The olfactory epithelium is uniquely one of the few sites of the human body where neurogenesis continues into adulthood. This is thought to be mediated by two populations of stem cells: globose basal cells (GBCs), which actively replace cells in the olfactory epithelium, and horizontal basal cells (HBCs), which are dormant cells whose differentiation into GBCs is activated following acute epithelial injury [41]. There is an early but promising investigation being performed in harnessing the regenerative properties of these stem cells in the olfactory epithelium for the treatment of OD. GBCs have been successfully cultured [42, 43], and recently, the ability to culture HBCs from the human olfactory epithelium has been established [44•]. This has given investigators the opportunity to better understand molecular mechanisms driving multipotency as well as the ability to test stem cell potency via transplantation. In mouse models of anosmia induced by olfactotoxic gas methyl bromide, HBCs transplantation yielded multiple cell types in the olfactory epithelium, including neuronal cells with apical processes and sustentacular cells, demonstrating that the multipotency of stem cells can be maintained through transplantation [44•]. An additional mouse study found that intranasal delivery of GBCs via intranasal drops induced new olfactory neuron formation in the olfactory bulb and restored food-smelling behaviors [45]. Further validation in animal models is needed, and no testing of olfactory progenitors has been performed yet in humans.
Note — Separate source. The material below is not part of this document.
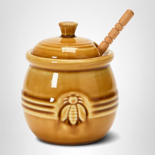 This playful stoneware honey pot features an intricately embossed bee illustration and a classically designed wooden dipper

Nonetheless, therapeutic strategies that harness the unique regenerative property of the olfactory system may be promising avenues in the future of olfactory loss treatment.

Conclusions

OD is complex in nature, as there are multiple etiologies, clinical manifestations, and varying prognoses to treatments. In general, successful management of OD is multimodal and tailored to the underlying etiology and clinical nature of the OD. While olfactory training and intranasal corticosteroids serve as the foundational regimen in the management of OD, there may be opportunities to improve benefit in through the emerging therapies discussed here. Future potential avenues in the management of OD will likely harness the neuroregenerative properties of the olfactory system. While meaningful progress has been made in understanding OD over the last 2 decades, there remains a tremendous amount to learn and refine in the treatment of OD. Knowledge in the management of OD will undoubtedly continue to accelerate with more intriguing discoveries in the coming years.